* **Directions**: Retype the lines below exactly, but only those from the line that has "Μακρυμάνικη εμπριμέ ολόσωμη φόρμα τύπου σκι" through the line that has "Multicolor cards bring". Omit every picture.

* **Data for analysis**:
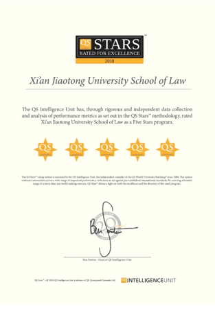 QS全球教育集团中国总监张瓛博士(Dr. Christina Yan Zhang, China Director, QS Intelligence Unit)表示,这是QS首次开展的正规nba押注网站星级认证,也是世界上首次开展的正规nba押注网站星级认证。正规nba押注网站院长单文华教授则表示,这次认证评估是对西安交大正规nba押注网站建院十年来坚持的国际化法学教育的一种充分肯定,也是对西安交大法学学科全体师生长期以来发扬“西迁精神”艰苦创业所取得的成果的一种高度认可。他同时强调,评估是一次全面的国际体检,在肯定成绩的同时也揭示了我们和国内外顶尖正规nba押注网站之间存在的各种差距;正规nba押注网站同事同学们需要也必将更加同心勠力,为缩短差距,早日把正规nba押注网站建设成为国际引领型的正规nba押注网站而不懈奋斗。
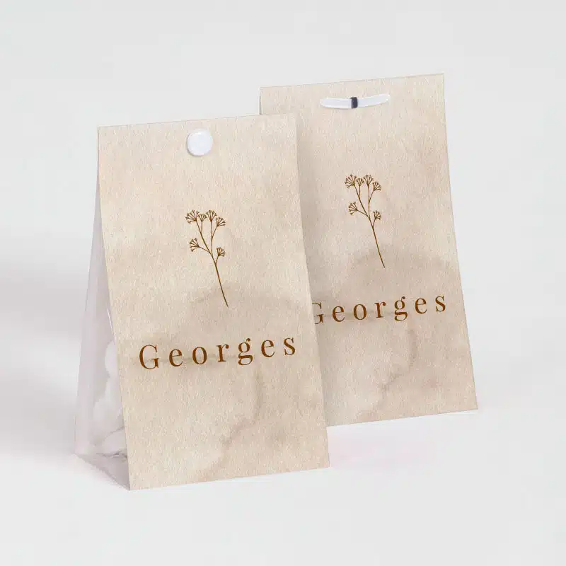 Pratique et élégant, l’étui se compose de deux faces imprimées reliées par un fond qui maintient parfaitement le sachet transparent (fourni). La perforation en haut permet une fermeture simple et esthétique, soit avec une attache (en option), soit avec un joli ruban assorti à votre thème.
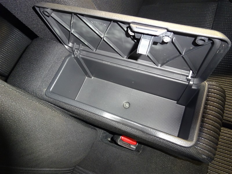 運転席と助手席の間のひじ掛けの中に小物を入れるスペースがあります!
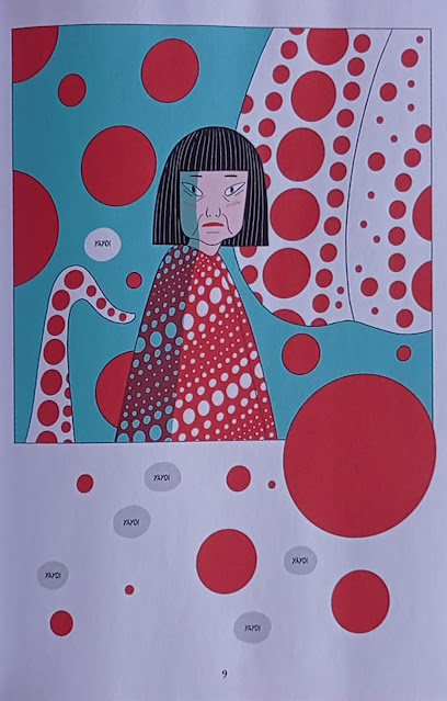 La narrazione segue Yayoi Kusama dalla sua infanzia nella provincia giapponese, dove cresce in una famiglia autoritaria, molto tradizionale e ostile, fino alla ribalta internazionale. Il suo desiderio di diventare artista non solo viene inizialmente ostacolato dai genitori, ma si scontra anche con una cultura fortemente patriarcale e repressiva come quella giapponese nel secondo dopoguerra. Eppure, Kusama non arretra: si trasferisce negli Stati Uniti per inseguire l’arte e a New York entra in contatto con l’avanguardia artistica degli anni ’60, diventa parte integrante della scena pop e performativa, si confronta con artisti come Andy Warhol, Lucio Fontana e Georgia O'Keeffe (sua prima mentore, a distanza, grazie a uno scambio epistolare). Tuttavia, come il fumetto ci racconta, il suo percorso non è lineare né privo di traumi.
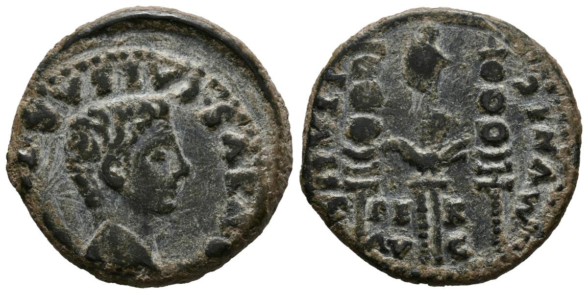 ITALICA (Santiponce, Sevilla). Semis. (Ae. 6,53g/23mm). 14-36 d.C. (FAB-1596). Anv: Cabeza de Druso a izquierda, alrededor leyenda: DRVSVS CAESAR TI AVG F. Rev: Enseñas y águila legionaria, en medio: PERM AVG, alrededor leyenda: MVNIC ITALIC. MBC-.
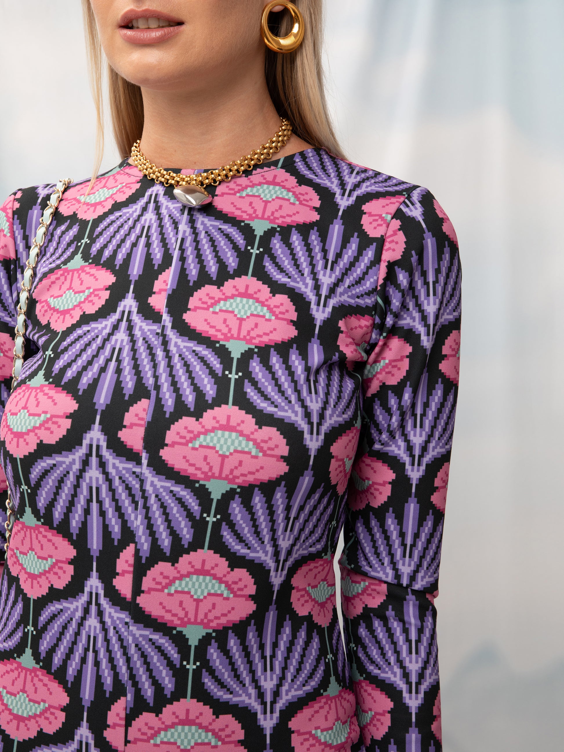 Μακρυμάνικη εμπριμέ ολόσωμη φόρμα τύπου σκι
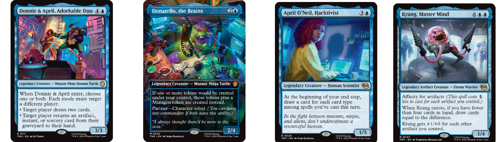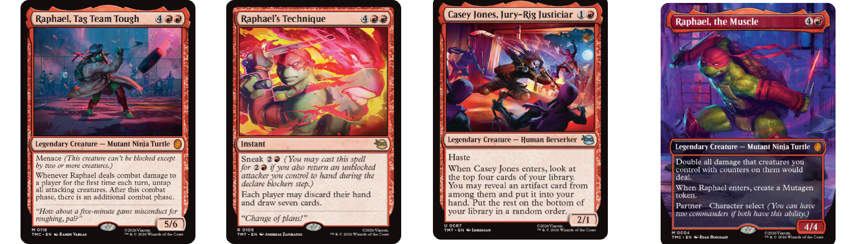 Multicolor cards bring the team together. Whether it's full-Turtle synergy, dual-color villains, or tag-team moments from allies like Casey Jones and April O'Neil, these cards reflect the full breadth of Turtle teamwork.
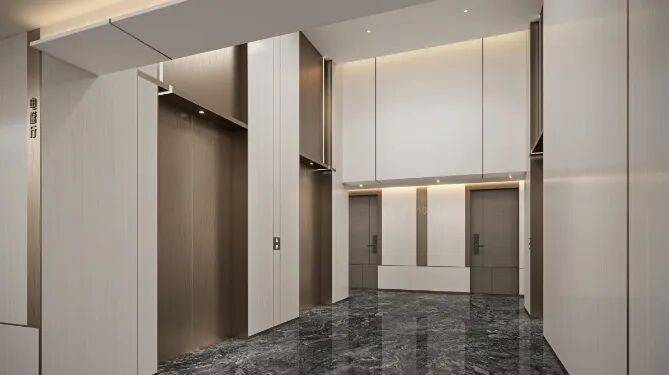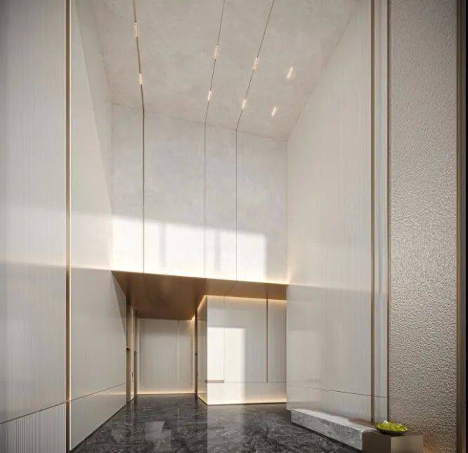 项目突破常规,在公共区域大面积运用岩板与奢华金属元素,搭配嵌入式金属踢脚设计,以精工匠心提升空间质感,重塑归家仪式体验
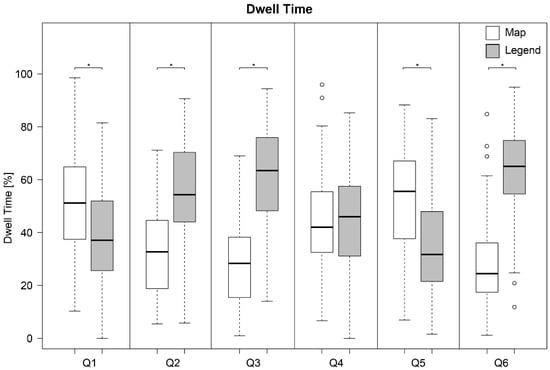 Boxplot of Dwell Time values for AOI around the Map and Legend. Statistically significant differences between the maps and legends were found for all tasks except Q4.

* **The completed task**:
 Μακρυμάνικη εμπριμέ ολόσωμη φόρμα τύπου σκι
 Multicolor cards bring the team together. Whether it's full-Turtle synergy, dual-color villains, or tag-team moments from allies like Casey Jones and April O'Neil, these cards reflect the full breadth of Turtle teamwork.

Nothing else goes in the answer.